The task: Print, exactly as they stand, the lines below from the one that has "(1) Ces groupes" to the one that has "Circular wool braids", inclusive, leaving out the pictures.

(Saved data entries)
_ _ _ _

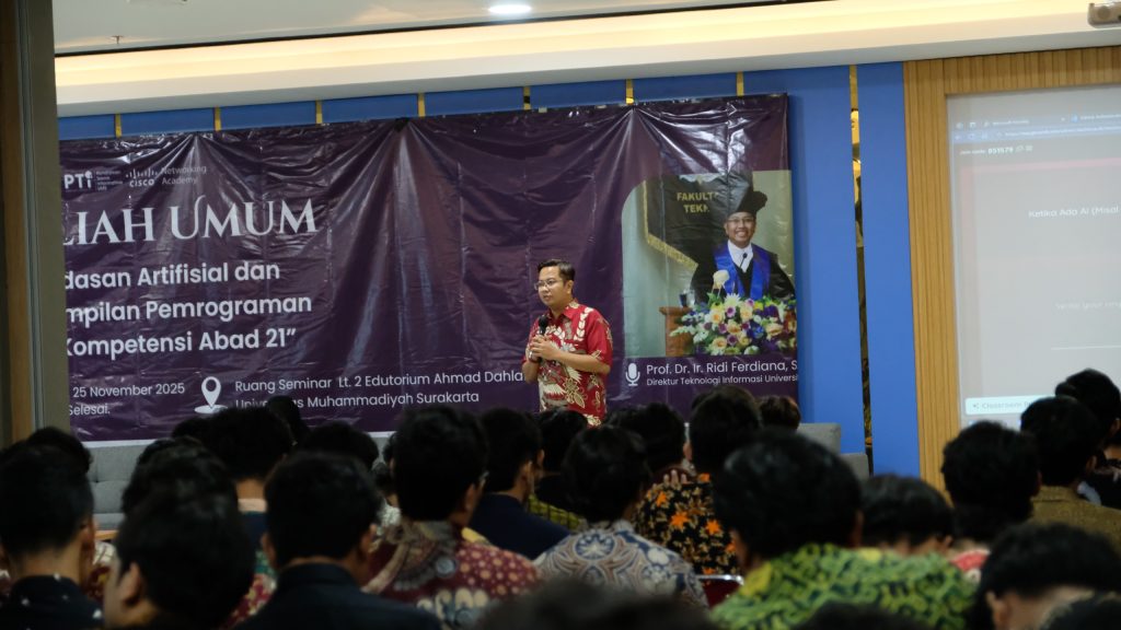 PWMJATENG.COM, Surakarta — Mengikuti perkembangan teknologi yang kian pesat, Program Studi Pendidikan Teknik Informatika (PTI) Universitas Muhammadiyah Surakarta (UMS) menggelar Kuliah Umum bertajuk “Kecerdasan Artifisial dan Keterampilan Pemrograman untuk Kompetensi Abad 21”. Kegiatan berlangsung di Ruang Seminar Edutorium K.H. Ahmad Dahlan UMS.
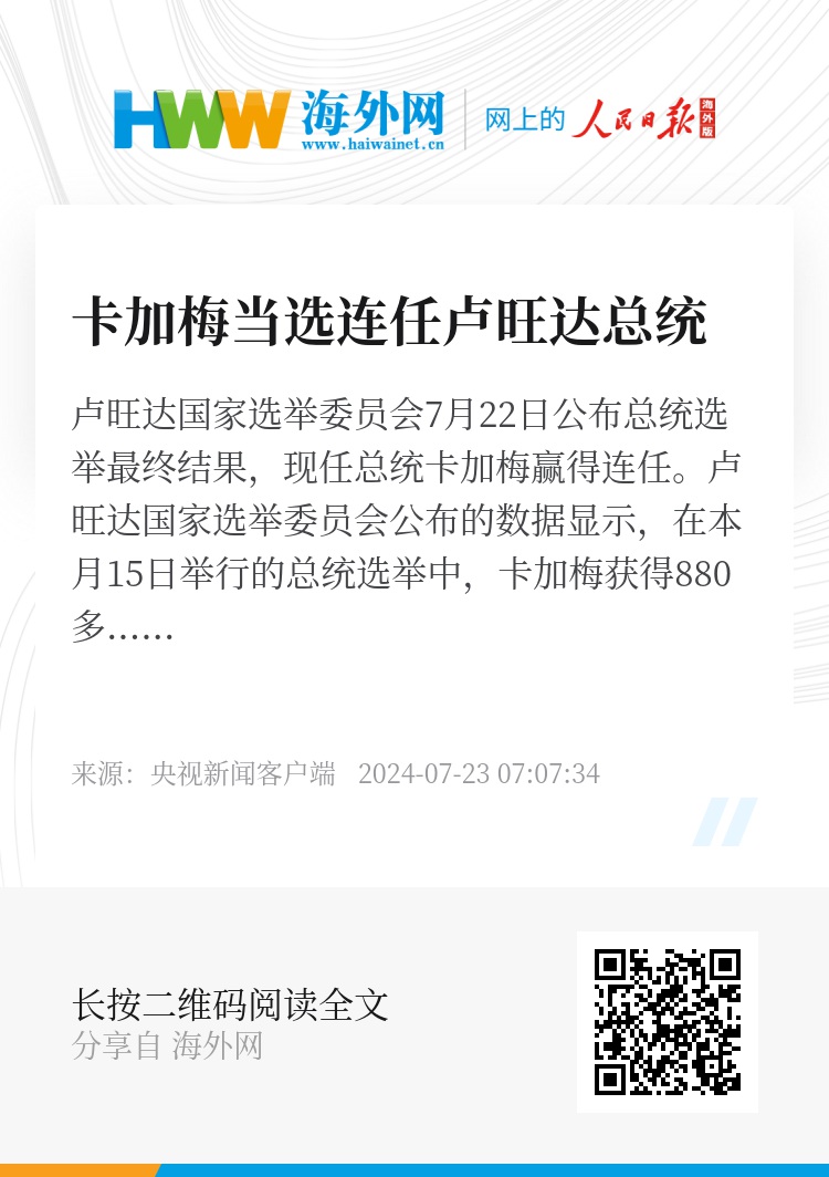 卢旺达国家选举委员会7月22日公布总统选举最终结果,现任总统卡加梅赢得连任。
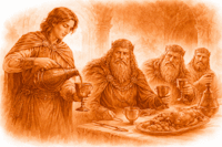 (1) Ces groupes de trois échansons forment des triades, et la répétition de la même initiale dans chaque groupe constitue une allitération mnémotechnique, facilitant la mémorisation orale des noms. Le sens combiné des trois éléments forme un concept ou un idéal. Cette triade pourrait être interprétée comme un microcosme de la génération : la naissance (Tae) comme émergence, la terre (Talom) comme matrice, et l'acte de parturition (Trog) comme passage de vie.
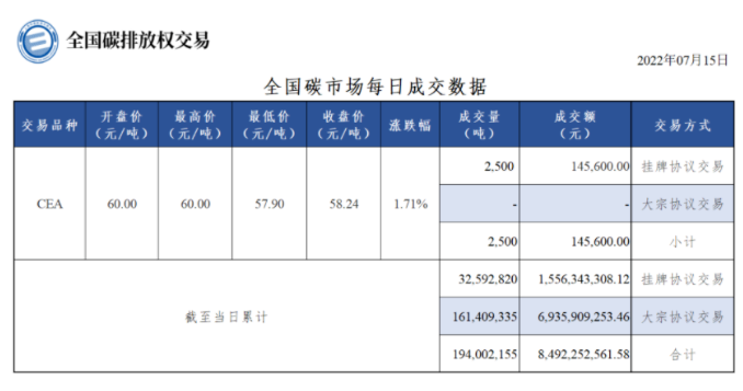 7月16日,全国碳排放交易市场迎来上市一周年。上海方面发布了一系列数据,截至2022年7月15日收盘,全国碳市场碳排放配额(CEA)累计成交量约1.94亿吨,累计成交额84.92亿元。上海环境能源交易所董事长赖晓明称,经过一年的建设,全国碳市场已成为全球最大的碳现货二级市场。
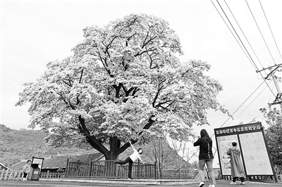 對于全區唯一一株流蘇古樹,園林綠化部門的養護遍及一年四季。鄭麗紅介紹,每年春季,專職人員會為流蘇古樹澆返青水、防治病蟲害;夏、秋兩季,為排水防澇,還會在古樹周圍挖排水槽;冬季防風雪,要及時修枝、清雪。
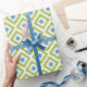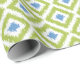 Blue Green Diamonds Ikat Pattern Wrapping Paper
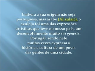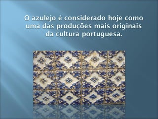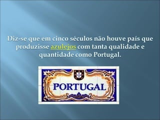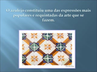 Os portugueses não inventaram os azulejos, mas produziram os de maior qualidade ao longo de cinco séculos. O documento discute o trabalho de João Carlos e Diogo Mendes sob a supervisão dos professores Paulo Xavier e Leopoldina Manteigas.
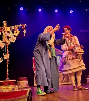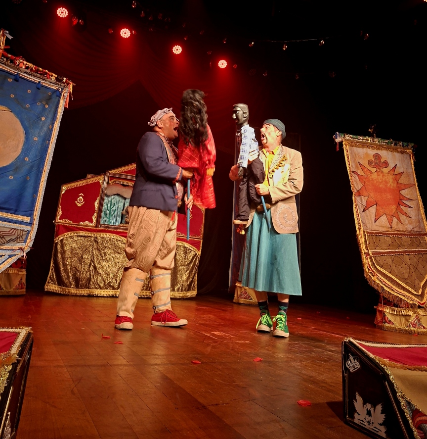 Direção e dramaturgia: Marcelo Romagnoli | Elenco: Fabio Espósito, Gúryva e Henrique Stroeter. Manuel Dantas Suassuna, filho do mestre, assina as pinturas dos tecidos.
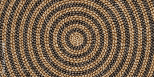 Circular wool braids forming spiral concentric pattern creating handmade textile background for cozy hobby design - AI generated
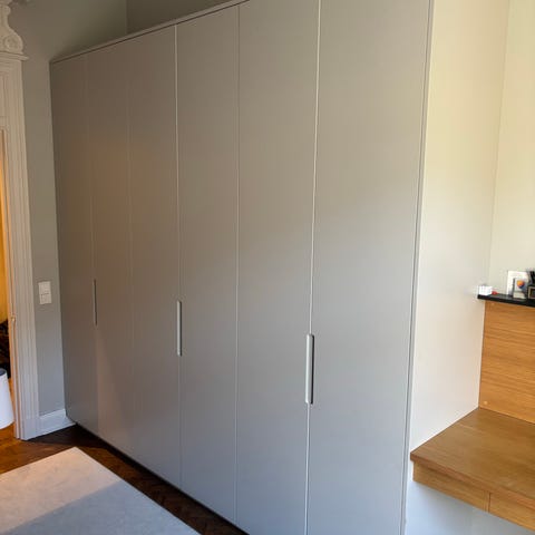 Säljer 2st Marbodal garderober/högskåp med inredning som hyllplan, stång samt överskåp. Öppnas genom att man trycker på dörren. De ingick i vår bostadsrätt när vi flyttade in för 8 månader sedan. Knappt använt garderoberna - vilket är förklaringen till varför vi nu säljer dem. Måtten för varje garderob INKLUSIVE överskåp är 60x60x240cm.
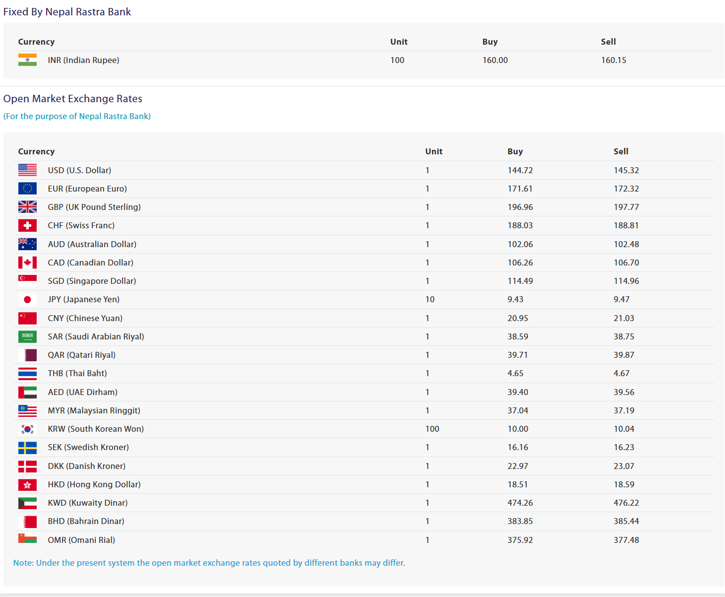 यस्तै, युरोपियन युरो एकको खरिददर १७१ रुपैयाँ ६१ पैसा र बिक्रीदर १७२ रुपैयाँ ३२ पैसा, युके पाउण्ड स्ट्रलिङ एकको खरिददर १९६ रुपैयाँ ९६ पैसा र बिक्रीदर १९७ रुपैयाँ ७७ पैसा, स्वीस फ्रयाङ्क एकको खरिददर १८८ रुपैयाँ ०३ पैसा र बिक्रीदर १८८ रुपैयाँ ८१ पैसा कायम गरिएको छ।
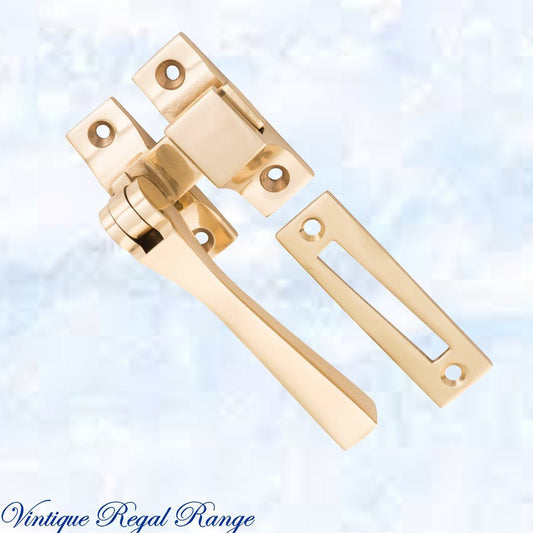 Polished brass Art-Deco window fastener 50mm x 85mm
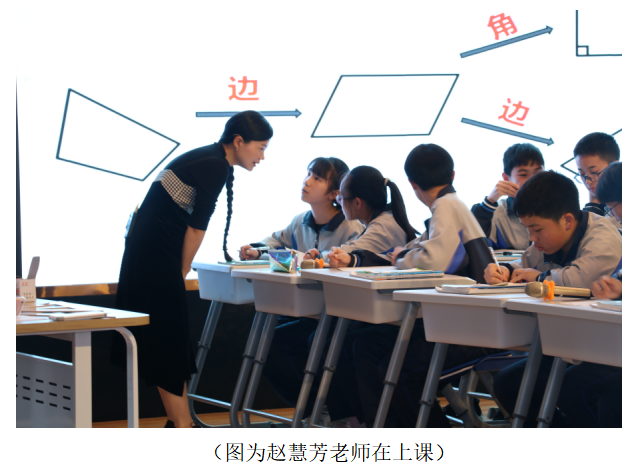 首先,年轻、漂亮而又具实力的赵慧芳老师以“概念课”——八下《5.3正方形(1)》拉开了这次活动的序幕,她通过一般三角形的边、角特殊化得到特殊三角形,引导学生类比整理了一般四边形到特殊四边形的研究方法,从而开启了正方形的教学,在这个过程中,赵老师特别关注新旧知识的衔接,也关注课堂生成资源的捕捉、反馈和评价,本节课从正方形概念到判定的得出,赵老师始终从学生练习中间找素材,通过师生互动的形式让学生说,让学生发现矛盾又自己解决矛盾,从而巩固新知,而变式题组的练习则为学生很好的提供了知识运用的平台,注意一题多解、多题一法。一堂课下来,赵老师以清晰的思路、干脆利落的表达马上吸引了我们听众的心。

_ _ _ _

Written solution:
 (1) Ces groupes de trois échansons forment des triades, et la répétition de la même initiale dans chaque groupe constitue une allitération mnémotechnique, facilitant la mémorisation orale des noms. Le sens combiné des trois éléments forme un concept ou un idéal. Cette triade pourrait être interprétée comme un microcosme de la génération : la naissance (Tae) comme émergence, la terre (Talom) comme matrice, et l'acte de parturition (Trog) comme passage de vie.
 7月16日,全国碳排放交易市场迎来上市一周年。上海方面发布了一系列数据,截至2022年7月15日收盘,全国碳市场碳排放配额(CEA)累计成交量约1.94亿吨,累计成交额84.92亿元。上海环境能源交易所董事长赖晓明称,经过一年的建设,全国碳市场已成为全球最大的碳现货二级市场。
 對于全區唯一一株流蘇古樹,園林綠化部門的養護遍及一年四季。鄭麗紅介紹,每年春季,專職人員會為流蘇古樹澆返青水、防治病蟲害;夏、秋兩季,為排水防澇,還會在古樹周圍挖排水槽;冬季防風雪,要及時修枝、清雪。
 Blue Green Diamonds Ikat Pattern Wrapping Paper
 Os portugueses não inventaram os azulejos, mas produziram os de maior qualidade ao longo de cinco séculos. O documento discute o trabalho de João Carlos e Diogo Mendes sob a supervisão dos professores Paulo Xavier e Leopoldina Manteigas.
 Direção e dramaturgia: Marcelo Romagnoli | Elenco: Fabio Espósito, Gúryva e Henrique Stroeter. Manuel Dantas Suassuna, filho do mestre, assina as pinturas dos tecidos.
 Circular wool braids forming spiral concentric pattern creating handmade textile background for cozy hobby design - AI generated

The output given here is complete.